Every betta I've ever owned (upwards of 20) has been in a community setting of some sort. I've never kept a betta as the solitary creature in his tank. I've never had an issue with bettas being aggressive to anything else. That said, gouramis are in the same general family as bettas, and are one of the fish that typically do not get along with bettas. I did have a plakat and a dwarf gourami that coexisted peacefully in my planted 46, but I know that was an exception to the general rule. I have no qualms about putting a betta in a community tank as a general rule (depending, of course, on the specific fish - no fin nippers, etc.) but I wouldn't bank on it working with the gourami.


----------



## thegirlundertherainbow (Aug 12, 2004)

Depends on the betta and the type of gourami.
For instance.. Pearl Gourami are very peaceful and I've never had issues with them and bettas.
I've even kept up to 4 female bettas and a male with 6? Pearl Gourami. in a 6ft tank.. but half was planted and lit half was dark and they spent MOST of the time on one side.
The issues I've had with SOME male betta in larger tanks is their fear. Some just can't adjust and do better in a 10gal smaller.
I've also had some blue (not dwarf) and 3 spot gourami (varieties) that were in this tank that were OK. .
but had one? Blue or opaline (it's been too many years) that was not peaceful (toward other gourami it's size it ignored the bettas).
Now.. I tried various DWARF gourami (blue, sunset,etc..) and some of them were VERY nasty. I ended up pulling them.

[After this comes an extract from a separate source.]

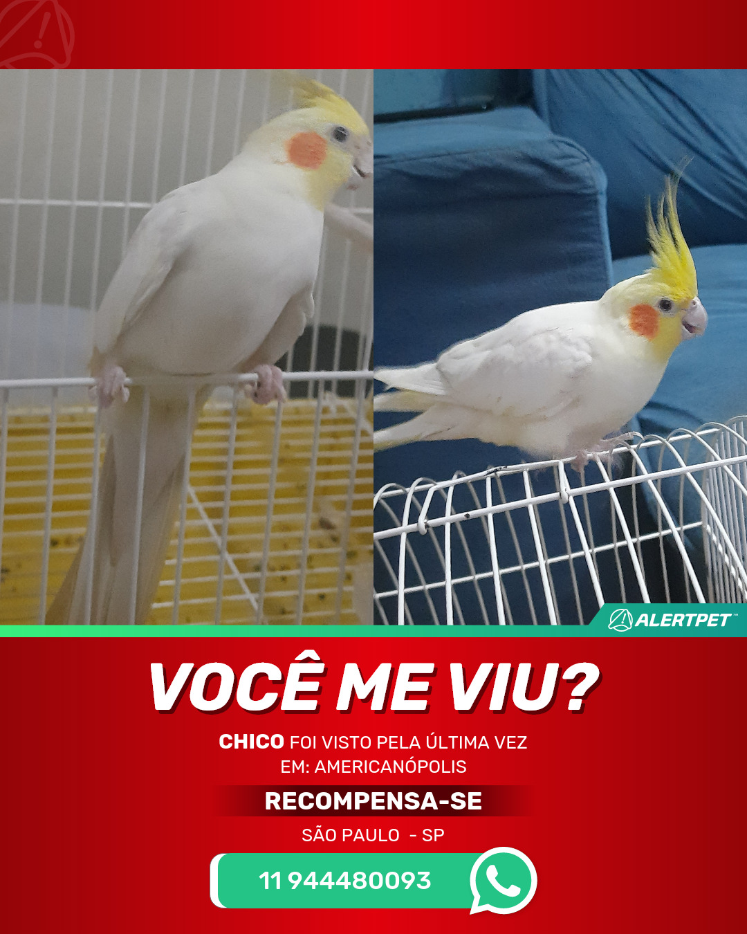 #AlertPet #Procurase #PassaroDesaparecido #SaoPaulo #ProcuramosChico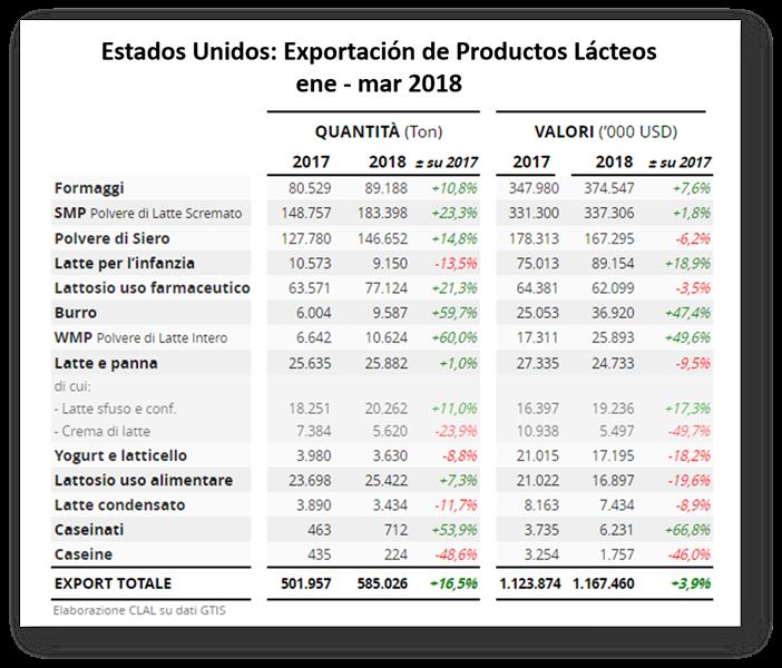 Las exportaciones positivas de LPD, queso, mantequilla y LPE, en marzo de 2018 en comparación con marzo de 2017, tanto en cantidad como en valor, mientras que el suero en polvo crece en cantidad, pero disminuye en valor. Por el contrario, la leche para los niños aumenta de valor, mientras que los volúmenes vendidos fuera de las fronteras estadounidenses caen.

Recently.. I have started a 20g long (HEAVILY) planted that I have a male betta in.. and tried some sparkling gourami (juvenile at that).. and at first he went after them.. so I removed him for a few days to let them settle in. But when I tried to put him back.. they went after him 10x worse.. then even later went after an otto (that was and had been totally still by the way) so the little sparkling gourami now have their own tank.


----------



## Nordic (Nov 11, 2003)

I certainly would not put it with a dwarf gourami. I have only heard of once where that worked in another discussion with a member on here somewhere.


----------



## terror lover 11 (Dec 11, 2015)

Usually, gouramis are very colourful, so that may trigger aggression in a betta. Also, gouramis have been known to bully smaller fish! So my answer would be no. But there may be some exceptions. I don't know any, so try someone else. Good luck!


----------